Artist rendering of NASA’s Orion spacecraft as it travels 40,000 miles past the Moon during Exploration Mission-1, its first integrated flight with the Space Launch System rocket.

When a spacecraft built for humans ventures into deep space, it requires an array of features to keep it and a crew inside safe. Both distance and duration demand that spacecraft must have systems that can reliably operate far from home, be capable of keeping astronauts alive in case of emergencies and still be light enough that a rocket can launch it.

Missions near the Moon will start when NASA’s Orion spacecraft leaves Earth atop the world’s most powerful rocket, NASA’s Space Launch System. After launch from the agency’s Kennedy Space Center in Florida, Orion will travel beyond the Moon to a distance more than 1,000 times farther than where the International Space Station flies in low-Earth orbit, and farther than any spacecraft built for humans has ever ventured. To accomplish this feat, Orion has built-in technologies that enable the crew and spacecraft to explore far into the solar system.

Systems to Live and Breathe

As humans travel farther from Earth for longer missions, the systems that keep them alive must be highly reliable while taking up minimal mass and volume. Orion will be equipped with advanced environmental control and life support systems designed for the demands of a deep space mission. A high-tech system already being tested aboard the space station will remove carbon dioxide (CO2) and humidity from inside Orion. Removal of CO2 and humidity is important to ensure air remains safe for the crew breathing. And water condensation on the vehicle hardware is controlled to prevent water intrusion into sensitive equipment or corrosion on the primary pressure structure.

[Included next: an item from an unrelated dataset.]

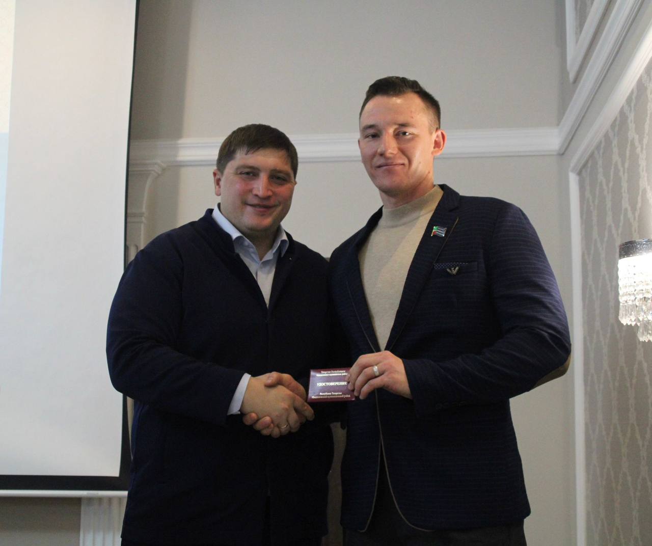 И вручил удостоверения вновь избранным Главам сельских поселений – депутатам Совета Менделеевского муниципального района.

The system also saves volume inside the spacecraft. Without such technology, Orion would have to carry many chemical canisters that would otherwise take up the space of 127 basketballs (or 32 cubic feet) inside the spacecraft—about 10 percent of crew livable area. Orion will also have a new compact toilet, smaller than the one on the space station. Long duration missions far from Earth drive engineers to design compact systems not only to maximize available space for crew comfort, but also to accommodate the volume needed to carry consumables like enough food and water for the entirety of a mission lasting days or weeks.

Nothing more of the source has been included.